Eventually after a further day or two in Cardiff, it’s time for Powell to return to his own time. He doesn’t want to go, both because he prefers this new Wales to the old one, and because he is in love with Mair and wants to stay with her. Llywarch tells him kindly that he must return, since the dangers of living out of your own age for long periods are still not well-understood. Even so, Llywarch encourages him to work, in his own age, towards making Wales the country he’s seen in Llywarch’s age.

On arrival back in his own time, Powell cannot forget all he has seen and longs to go back, to the future Wales and to Mair. He tries to persuade Dr. Heinkel to help him, but Heinkel refuses. He explains that, unlike the past, the future is not set in stone and if Powell were to travel to 2033 again he may find a very different world. Even so, Powell won’t take no for an answer, and eventually he prevails.

On his second visit to 2033, Powell arrives in a rather shabbier laboratory than Llywarch’s and the professor who meets him, a Dr. Spencer, says “another deuced Welshman” as Powell arrives. It’s obvious that Dr. Spencer has no interest in speaking to a Welshman from the 1950s and foists Powell off onto a retired academic in Rhiwbina, a Dr. Richards who has some interest in Wales but still doesn’t speak the language. It emerges that in this future, Wales no longer exists as it has been wholly absorbed into England and the language has been completely forgotten. Almost the entire population lives in shabby poverty along the South coast, the rest of the country having been given over to forests, mines, military training grounds, and garish resort towns built for entertaining the working class. Violence is rife with criminal gangs fighting each other openly in the streets, and the standard punishment for gang members who are caught is to be sent to work in the Uranium mines where life expectancy is under two years. The only way to gain a modicum of social status is to become a member of one of the two main UK-wide political parties, whose policies barely differ but who maintain an illusion of democracy by taking it in turns to win elections.
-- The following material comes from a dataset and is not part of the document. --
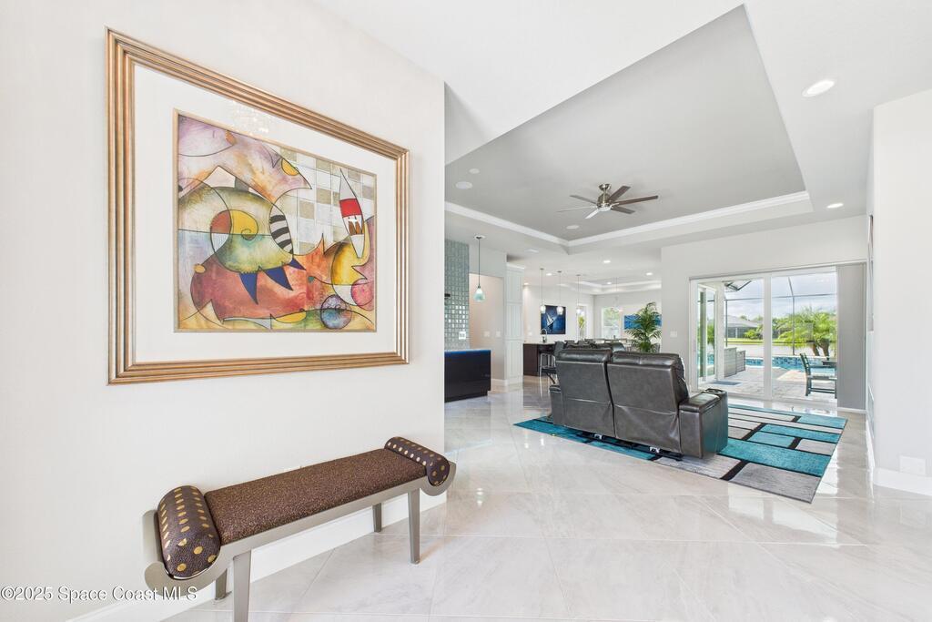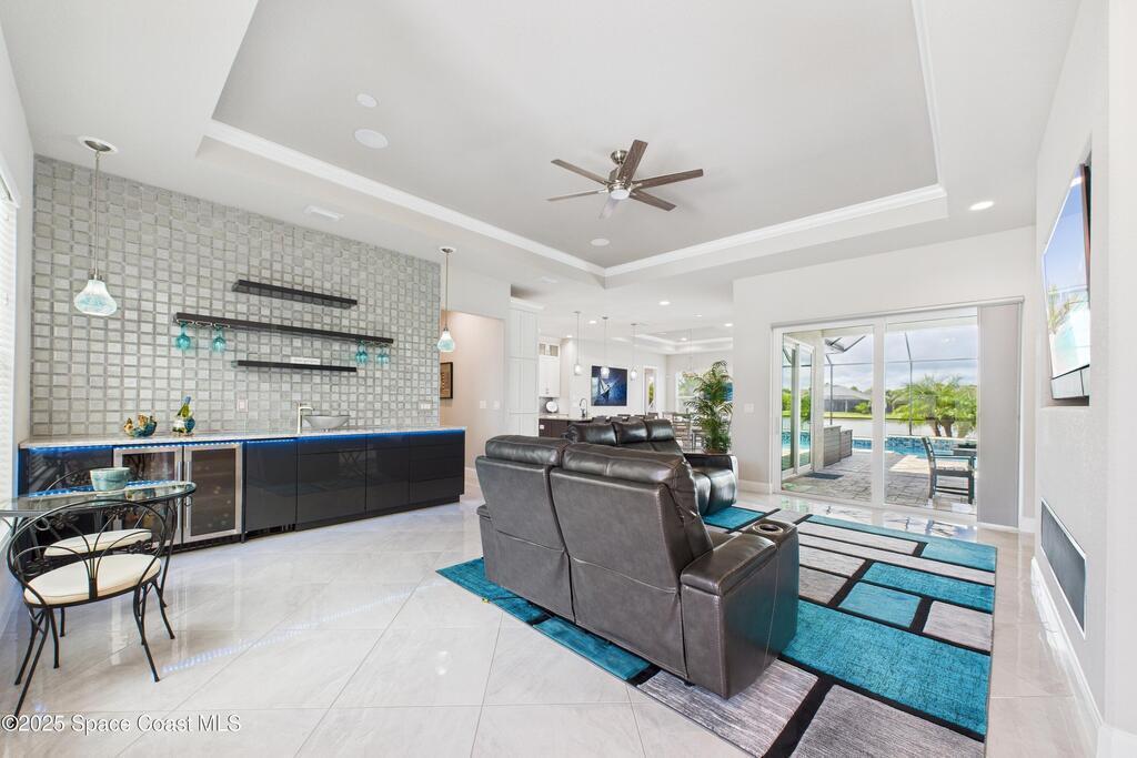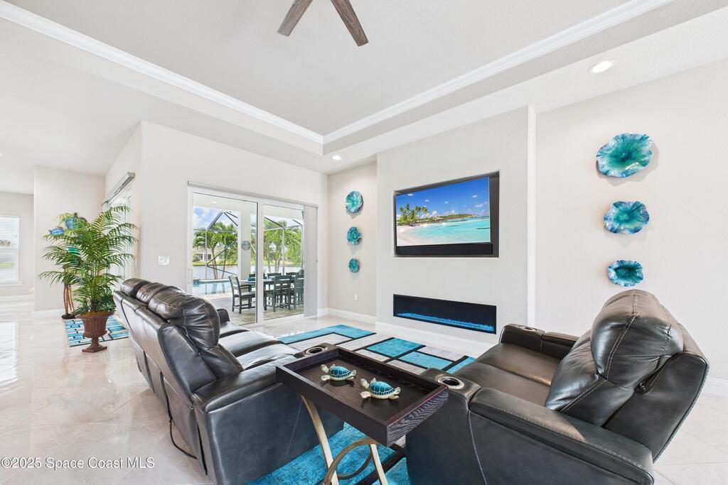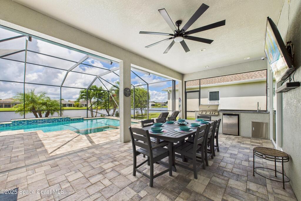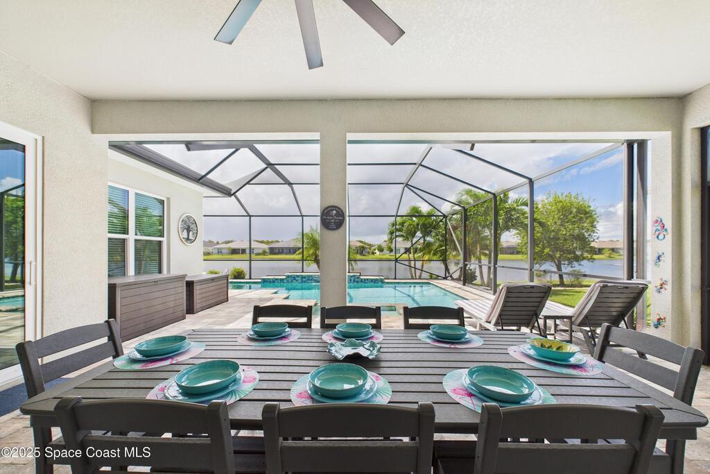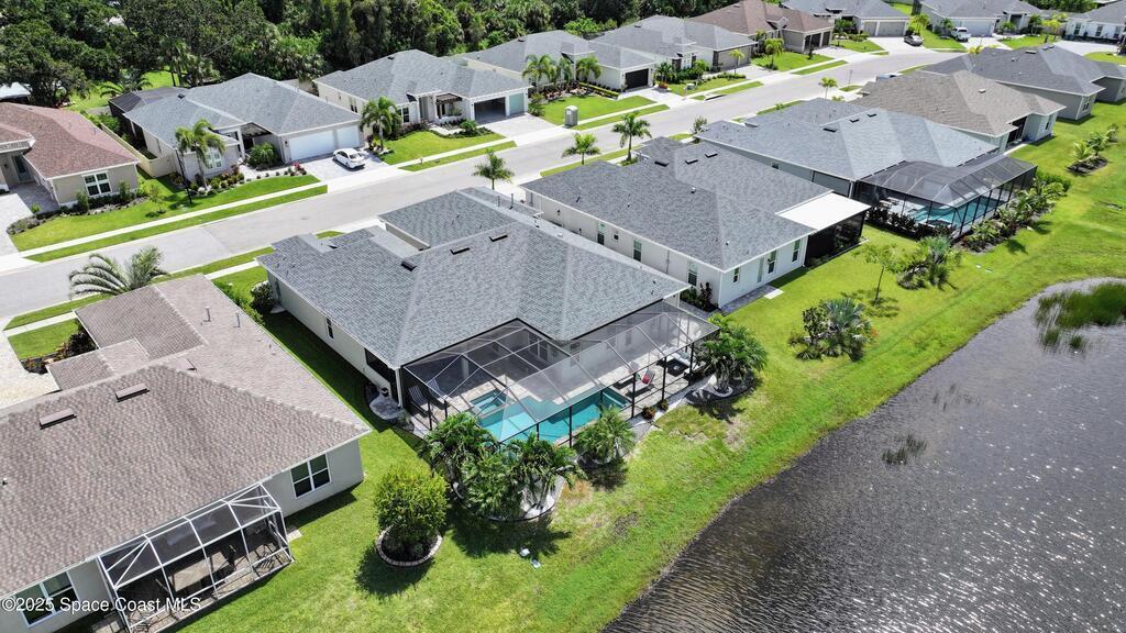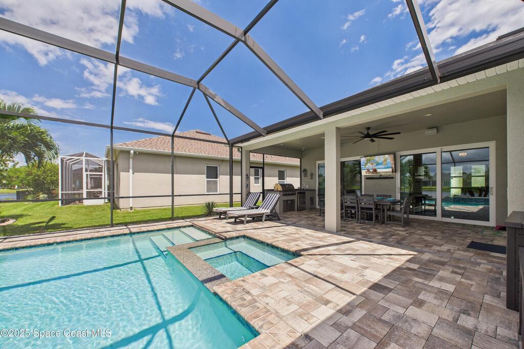 Upgrades galore in this immaculate, custom built home! As you walk through the double door entry you are greeted by the gleaming porcelain floors and a wonderful open floor plan. From the custom wet bar and buffet with wine fridge, to the stylish gas fireplace and chef's kitchen, this home was built for entertaining. A whole home sound system and tray ceilings add to the upscale feeling. Invite your guests outside to the gas heated pool and spa with salt system and intelligent controls. Have a glass of wine or cup of coffee as you enjoy your lake view with beautiful sunsets from your spacious paver pool deck. A whole home gas generator and hurricane impact windows insure your comfort through the storms of life. With an unbeatable location, you are just minutes to the beach and downtown Melbourne, and only about an hour to the Orlando airport. There is no shortage of storage in the oversized, epoxy coated garage, and you can even store a 4th car with the included lift!

Richards agrees to take Powell on a tour of Wales to look for Mair, but in such a poor and backward country this must be done by bus over very poor roads. Powell enquires how the country ever got this way, and is told that it didn’t happen overnight – it just happened through gradual erosion of individual rights, and running down of the economy, over many years.

Eventually they find Mair, working at a chemist shop in Dolgellau. Powell goes up to her excitedly and starts speaking in Welsh to her, but she – who in this Wales is called Maria Lark – has no idea who he is, feels threatened by him and calls the police. Powell finds himself thrown into a prison cell, with no prospect of a fair trial, and despairs. Remembering what he agreed with Dr. Heinkel about returning to his own time, he is able to do so with great difficulty and is obviously traumatised.

When the full story comes out, Dr. Heinkel persuades him that the future is not fixed and the Wales of his first journey into the future is just as likely to come about as the Wales of his second; but that only the Welsh people themselves can decide what outcome they want. Powell dedicates himself to the nationalist cause, determined that if he can’t marry Mair Llywarch himself then his grandson or great-grandson should have the opportunity to do so.